**PROBLEM:**
Write out the data word for word, taking care that no picture is carried over.

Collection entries
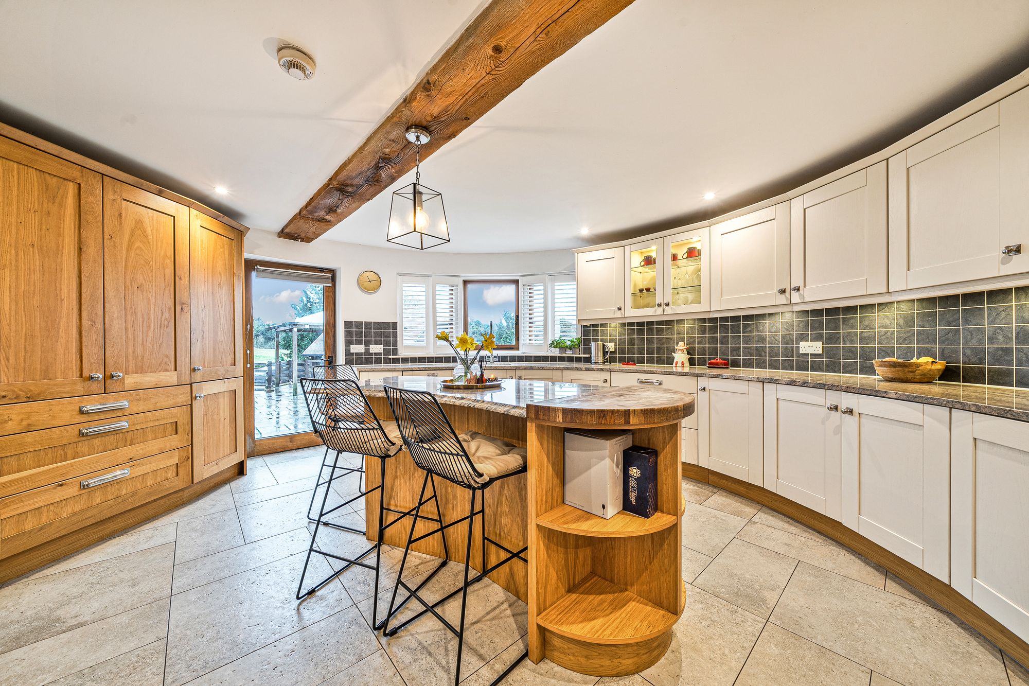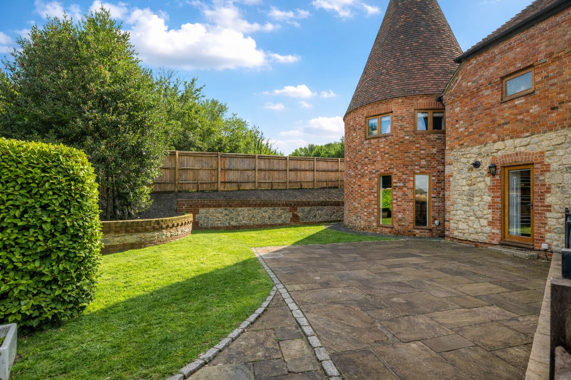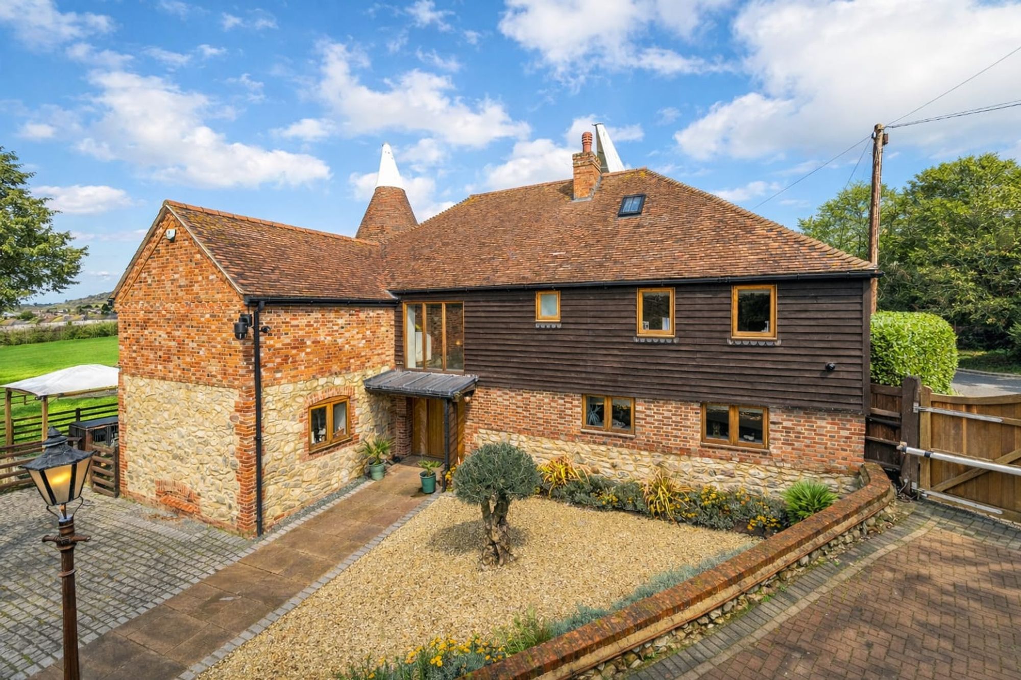 A 4,300sq ft Oast House with six bedrooms and five bathrooms. Set behind electric gates with countryside views, lounge, cinema room, dining room, kitchen, study, double garage and 1/3-acre plot.
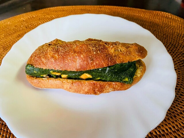 「ピスタ」…くるみパンに濃厚なピスタチオクリームがサンドされていてクラッシュピスタチオの食感が楽しく絶品でした♡これは次回もリピ決定♪
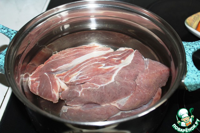 Мясо промыть, очистить от пленок, залить двумя литрами холодной воды, довести до кипения, снять пену. Варить на слабом огне полтора часа, затем остудить.
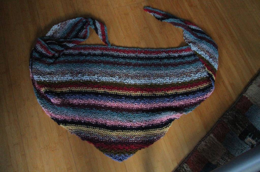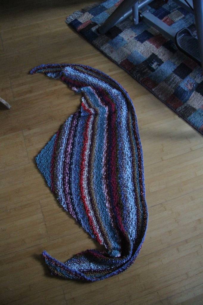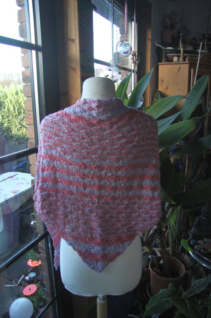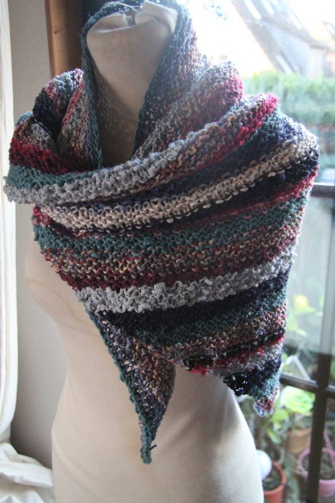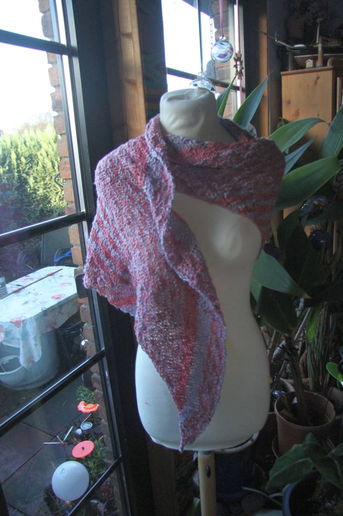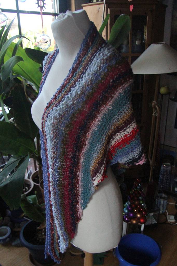 • Ich habe ja neulich meine Altwolle sortiert und das Ergebnis ist dieses Schultertuch aus Baumwollresten - keine glatte Baumwolle, sondern eine, wo überall kleine Knoten drin sind - mir fällt gerade der Name dafür nicht ein.... Es ist noch mehr davon über, da gibt es garantiert ein weiteres Tuch. Ganz einfach gestrickt - rechte Maschen und jede zweite Reihe, manchmal auch nur jede 4. Reihe je rechts und links eine Masche zugenommen
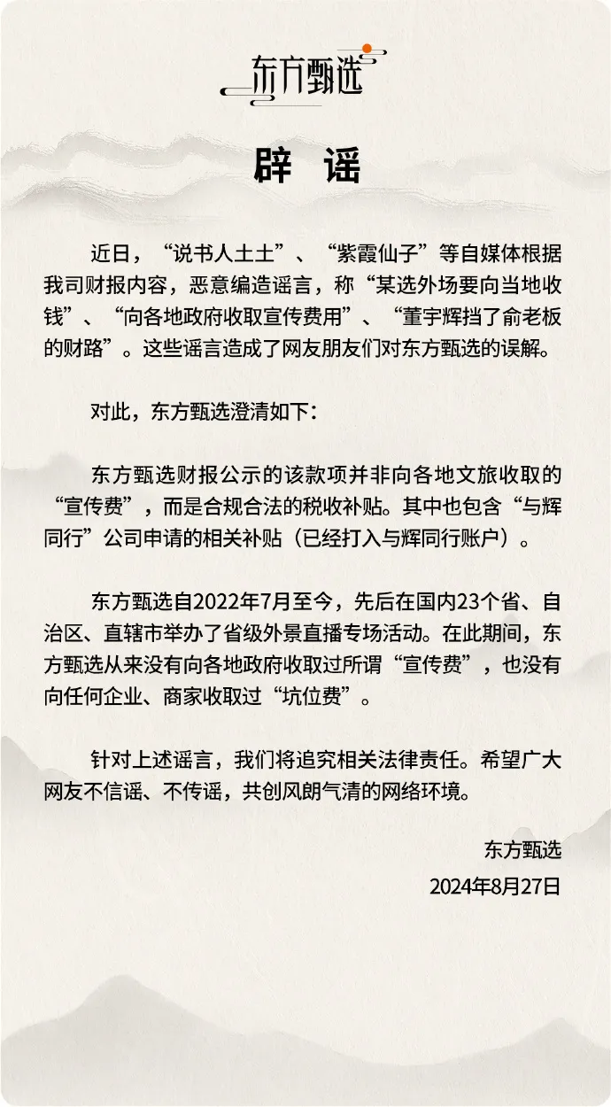 8月27日,东方甄选发布辟谣声明。东方甄选表示,近日,“说书人土土”“紫霞仙子”等自媒体根据我司财报内容,恶意编造谣言,称“某选外场要向当地收钱”“向各地政府收取宣传费用”“董宇辉挡了俞老板的财路”。这些谣言造成了网友朋友们对公司的误解。

**EXERCISE ANSWER:**
 A 4,300sq ft Oast House with six bedrooms and five bathrooms. Set behind electric gates with countryside views, lounge, cinema room, dining room, kitchen, study, double garage and 1/3-acre plot.
 「ピスタ」…くるみパンに濃厚なピスタチオクリームがサンドされていてクラッシュピスタチオの食感が楽しく絶品でした♡これは次回もリピ決定♪
 Мясо промыть, очистить от пленок, залить двумя литрами холодной воды, довести до кипения, снять пену. Варить на слабом огне полтора часа, затем остудить.
 • Ich habe ja neulich meine Altwolle sortiert und das Ergebnis ist dieses Schultertuch aus Baumwollresten - keine glatte Baumwolle, sondern eine, wo überall kleine Knoten drin sind - mir fällt gerade der Name dafür nicht ein.... Es ist noch mehr davon über, da gibt es garantiert ein weiteres Tuch. Ganz einfach gestrickt - rechte Maschen und jede zweite Reihe, manchmal auch nur jede 4. Reihe je rechts und links eine Masche zugenommen
 8月27日,东方甄选发布辟谣声明。东方甄选表示,近日,“说书人土土”“紫霞仙子”等自媒体根据我司财报内容,恶意编造谣言,称“某选外场要向当地收钱”“向各地政府收取宣传费用”“董宇辉挡了俞老板的财路”。这些谣言造成了网友朋友们对公司的误解。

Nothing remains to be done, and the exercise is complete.